Skotch is a Kotlin compiler and build system implemented as a Cargo workspace of 34 Rust crates. This page describes how those crates fit together, how a .kt file becomes executable output, and the design decisions behind each layer.

Every Kotlin source file passes through the same front-end stages before being dispatched to a target-specific backend. The pipeline looks like this:

flowchart LR
  SRC[".kt source"] --> LEX["Lexer"]
  LEX --> PAR["Parser"]
  PAR --> RES["Resolver"]
  RES --> TYP["Type Checker"]
  TYP --> MIR["MIR Lowering"]
  MIR --> BE{"Backend"}
  BE --> JVM[".class"]
  BE --> DEX[".dex"]
  BE --> LLVM[".ll"]
  BE --> KLIB[".klib"]
  BE --> NATIVE["binary"]
  style SRC fill:#2d5016,color:#eef2e7,stroke:#4a5c3e
  style BE fill:#1a2a14,color:#eef2e7,stroke:#4a5c3e
  style JVM fill:#172554,color:#dbeafe,stroke:#3b82f6
  style DEX fill:#172554,color:#dbeafe,stroke:#3b82f6
  style LLVM fill:#172554,color:#dbeafe,stroke:#3b82f6
  style KLIB fill:#172554,color:#dbeafe,stroke:#3b82f6
  style NATIVE fill:#172554,color:#dbeafe,stroke:#3b82f6

The stages are:

  1. Lexer (skotch-lexer). A hand-rolled lexer that emits tokens including string template sequences (StringStart, StringChunk, StringIdentRef, StringExprStart/End, StringEnd). This representation lets the parser handle "$x" and "${x + 1}" without losing structural information.

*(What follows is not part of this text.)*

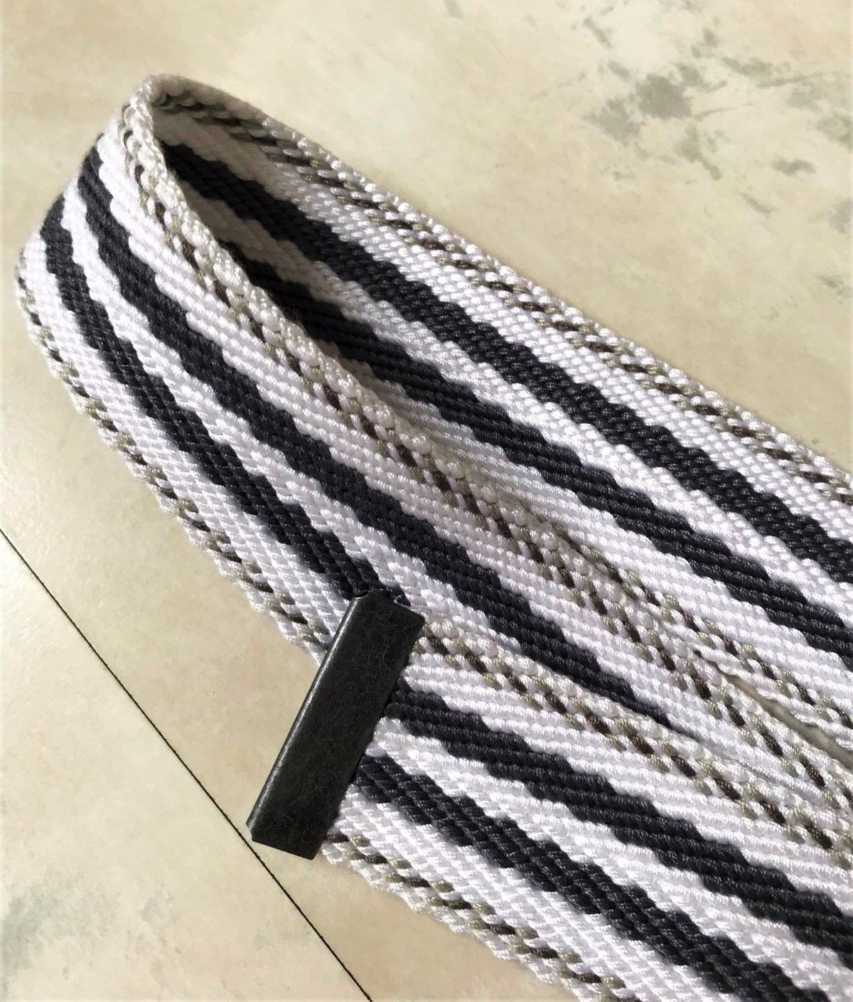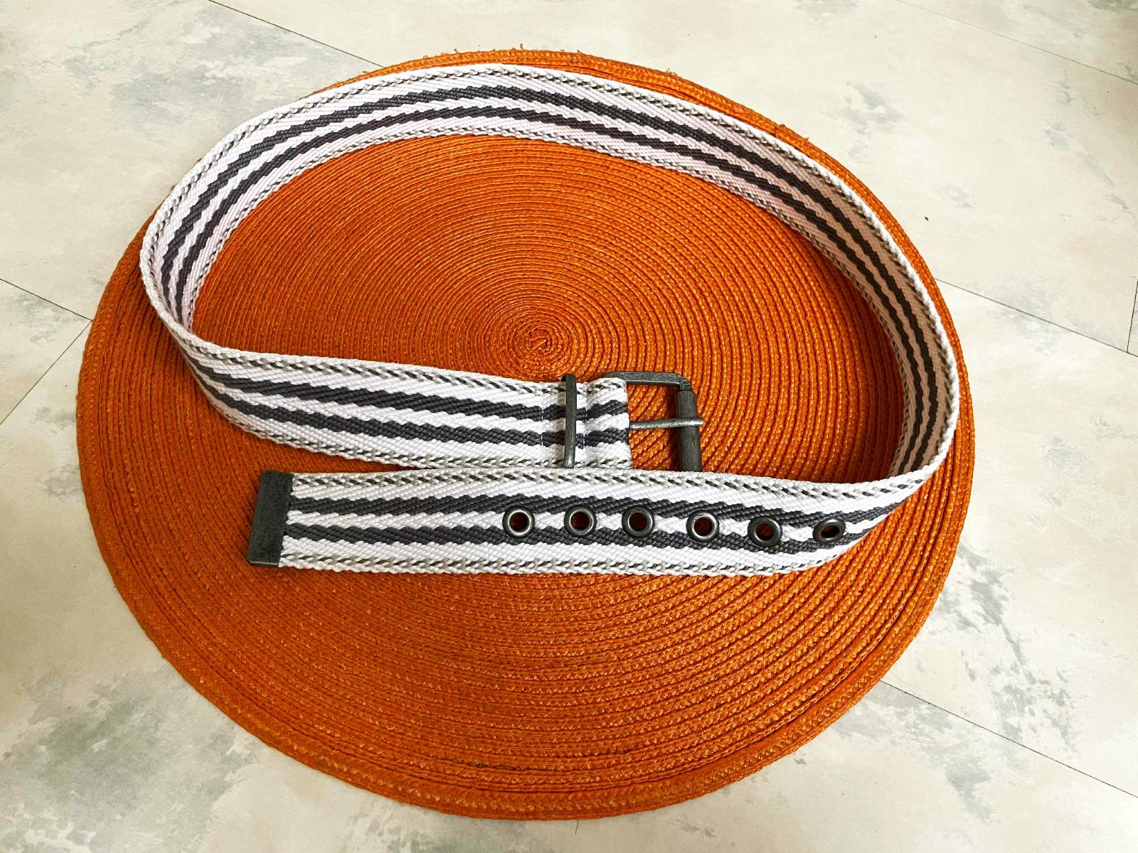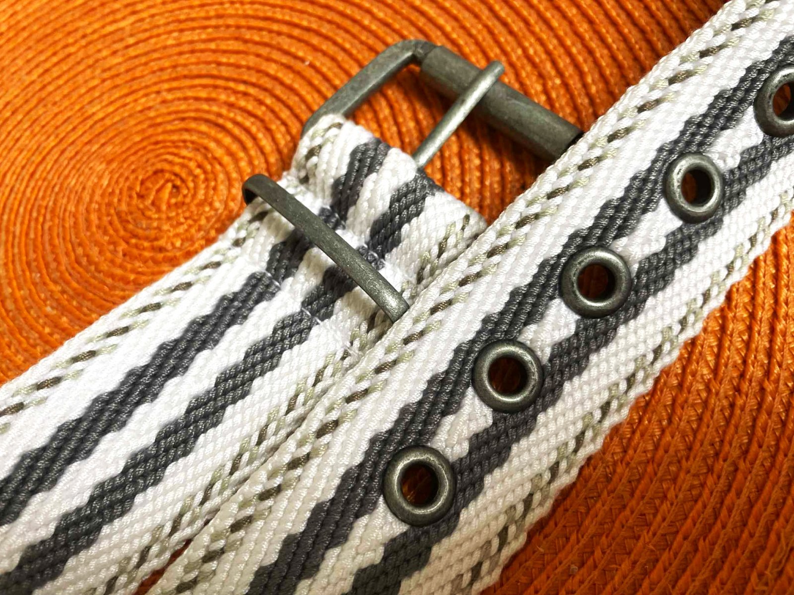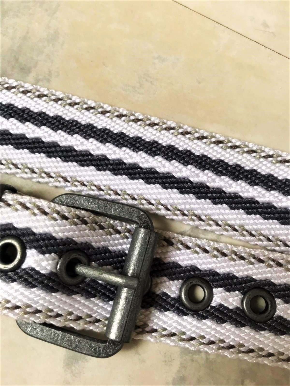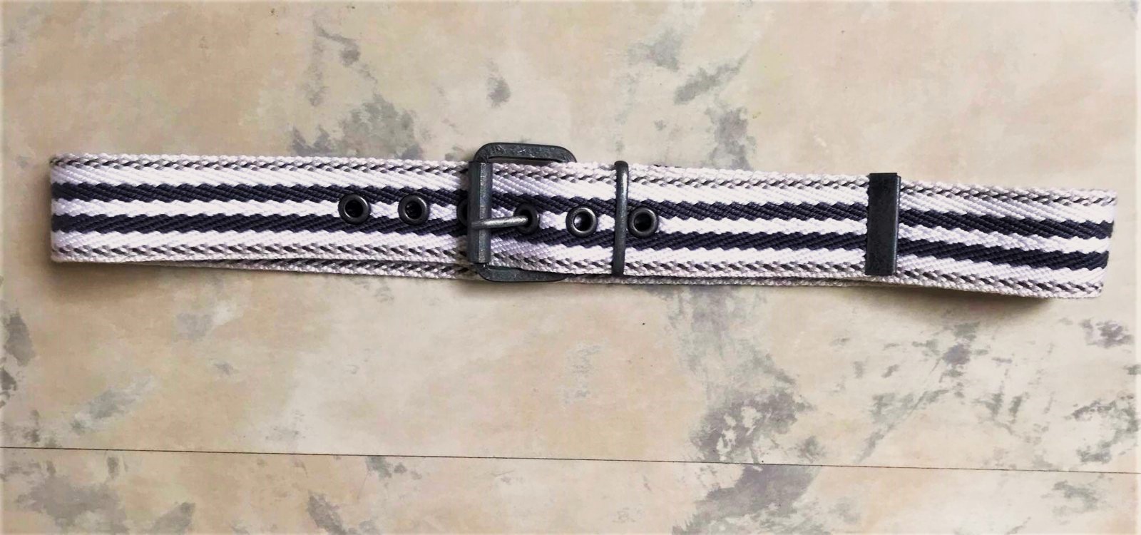 neznosený ,kvalitný unisex moderný opasok,dlžka celkom = 97 cm - meraná plátenná časť,min. obvod vzhľadom na vybitú kovovú dierku = 88 cm,šírka = 4 cm

  2. Parser (skotch-parser). A recursive-descent parser that produces an untyped AST. It handles operator precedence (seven levels from logical OR down to postfix), control flow (if/when/ for/while/try), class declarations, data classes, enum classes, object declarations, and all expression forms.

  3. Resolver (skotch-resolve). Binds identifier references to declarations. Handles forward references between top-level functions (enabling mutual recursion) and local scope shadowing.

  4. Type Checker (skotch-typeck). A two-pass system: pass one collects all top-level function and class signatures, pass two checks function bodies against those signatures. Supports type inference from literal initializers, method dispatch on classes, extension function receivers, and nullable type tracking.

  5. MIR Lowering (skotch-mir-lower). Lowers the typed AST into MIR (Mid-level Intermediate Representation), a three-address-code form with SSA-like virtual locals. MIR is the “waist” of the compiler: all five backends consume the same MIR representation.

  6. Backend. Each target has its own crate that converts MIR into the output format. Adding a new target means writing one new backend crate.

flowchart TD
  MIR["MIR Module"]
  MIR --> JVM["backend-jvm<br/>.class (Java 17, v61)"]
  MIR --> DEX["backend-dex<br/>.dex (Dalvik v035)"]
  MIR --> KLIB["backend-klib<br/>.klib (ZIP + JSON IR)"]
  KLIB --> LLVM["backend-llvm<br/>.ll (textual LLVM 19+)"]
  LLVM --> CLANG["clang<br/>native binary"]
  style MIR fill:#2d5016,color:#eef2e7,stroke:#4a5c3e
  style CLANG fill:#451a03,color:#fef3c7,stroke:#92400e

Produces Java 17 class files (major version 61). Top-level Kotlin functions become static methods on a wrapper class named after the source file (hello.kt becomes HelloKt). The constant pool, bytecode, and class file structure are written directly using the byteorder crate. There is no dependency on javac or ASM.

Instance methods use invokevirtual dispatch. Data class toString() methods are synthesized to produce Kotlin-style output like Point(x=1, y=2). Object declarations and companion objects compile to classes with static methods.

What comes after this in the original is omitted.